The Trump administration has taken an axe to US foreign aid, eliminating 83% of programs run by the US Agency for International Development (USAid) in a sweeping six-week purge that has done away with entire categories of development work that took decades to build up.
Secretary of state Marco Rubio announced the massive cuts on Monday, posting that roughly 5,200 of USAid’s 6,200 global programs have been terminated. The surviving initiatives – less than a fifth of America’s previous aid portfolio – will be absorbed by the state department.
“Our hard-working staff who worked very long hours” alongside Elon Musk’s so-called “department of government efficiency” (Doge) teams deserve credit for this “overdue and historic reform”, Rubio wrote on X, using his personal account.
The mass terminations follow Donald Trump’s 20 January executive order freezing foreign assistance for review that he claimed pushed forward a liberal global agenda.
This abrupt dismantling also overturns decades of bipartisan consensus that humanitarian and development assistance serves American security interests by stabilizing fragile regions, fostering economic growth, and building diplomatic goodwill – and were backed by Musk’s unofficial government efficiency unit.
“Tough, but necessary.
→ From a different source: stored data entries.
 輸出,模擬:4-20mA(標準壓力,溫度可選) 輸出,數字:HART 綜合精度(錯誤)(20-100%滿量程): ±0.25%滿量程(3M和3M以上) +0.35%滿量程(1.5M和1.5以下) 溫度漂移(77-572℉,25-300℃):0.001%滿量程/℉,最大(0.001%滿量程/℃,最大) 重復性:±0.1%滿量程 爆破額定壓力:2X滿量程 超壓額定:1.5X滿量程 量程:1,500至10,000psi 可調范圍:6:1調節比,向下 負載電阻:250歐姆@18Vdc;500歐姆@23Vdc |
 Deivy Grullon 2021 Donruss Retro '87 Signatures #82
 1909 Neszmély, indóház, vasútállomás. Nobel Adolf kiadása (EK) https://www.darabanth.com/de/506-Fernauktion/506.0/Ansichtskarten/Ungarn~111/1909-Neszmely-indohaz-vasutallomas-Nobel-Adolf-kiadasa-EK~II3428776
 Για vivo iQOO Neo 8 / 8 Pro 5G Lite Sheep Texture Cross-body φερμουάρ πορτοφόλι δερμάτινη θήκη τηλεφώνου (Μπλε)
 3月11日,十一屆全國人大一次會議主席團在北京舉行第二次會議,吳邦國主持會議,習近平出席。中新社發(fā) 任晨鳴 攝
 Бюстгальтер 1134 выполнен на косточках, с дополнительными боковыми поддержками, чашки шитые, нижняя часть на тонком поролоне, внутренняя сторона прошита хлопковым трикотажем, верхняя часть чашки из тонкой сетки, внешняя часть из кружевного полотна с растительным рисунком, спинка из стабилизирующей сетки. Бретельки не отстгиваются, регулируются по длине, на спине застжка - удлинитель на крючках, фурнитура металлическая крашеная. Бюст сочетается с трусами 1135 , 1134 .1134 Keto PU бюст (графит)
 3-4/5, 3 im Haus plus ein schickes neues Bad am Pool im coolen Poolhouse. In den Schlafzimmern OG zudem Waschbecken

Good working with you. The important parts of USAID should always have been with Dept of State,” Musk responded on X following Rubio’s announcement.
The New York Times reported last week that there had been serious cut-ups between Musk and Rubio at a recent cabinet meeting over proposed cuts to the state department.
During that meeting, Trump reportedly defended Rubio for doing a “great job” and said that Musk’s team would be merely advising cabinet secretaries about future cuts. But Rubio’s apparent embrace of Musk’s objectives reveal the extent to which the billionaire Trump supporter wields power in the administration.
Rubio’s social media post on Monday said that review was now “officially ending”, with about 5,200 of USAid’s 6,200 programs eliminated.
Those programs “spent tens of billions of dollars in ways that did not serve, (and in some cases even harmed), the core national interests of the United States”, Rubio wrote.
“In consultation with Congress, we intend for the remaining 18% of programs we are keeping … to be administered more effectively under the state department,” he said. Democratic lawmakers and others call the shutdown of congressionally funded programs illegal, saying such a move requires Congress’s approval.
The state department did not respond to a request for comment on the criteria being used to keep alive the remaining programs and to respond to claims that cutting programs without congressional approval is illegal.
The Trump administration has given almost no details on which aid and development efforts abroad it spared as it mass-emailed contract terminations to aid groups and other USAid partners by the thousands within days earlier this month. The rapid pace, and the steps skipped in ending contracts, left USAid supporters challenging whether any actual program-by-program reviews had taken place.
According to internal documents reviewed by ProPublica, top health officials at USAid had for weeks warned Rubio and other leaders about the potential death toll that would result from the cuts, along with one million children untreated for severe malnutrition, up to 166,000 malaria deaths, and 200,000 more children paralyzed by polio over the next decade if they carried out their plan.
Aid groups say even some life-saving programs that Rubio and others had promised to spare got the termination notices, such as emergency nutritional support for starving children and drinking water serving sprawling camps for families uprooted by war in Sudan.
Republicans broadly have made clear they want foreign assistance that would promote a far narrower interpretation of US national interests.
The state department in one of multiple lawsuits it is battling over its rapid shutdown of USAid had said earlier this month it was killing more than 90% of USAid programs. Rubio gave no explanation for why his number was lower.
Contractors and staffers running efforts ranging from epidemic control to famine prevention to job and democracy training stopped work. Aid groups and other USAid partners laid off tens of thousands of their workers in the US and abroad.
Lawsuits say the sudden shutdown of USAid has stiffed aid groups and businesses that had contracts with it of billions of dollars.
The shutdown has left many USAid staffers and contractors and their families still overseas, many of them awaiting US-paid back payments and travel expenses back home.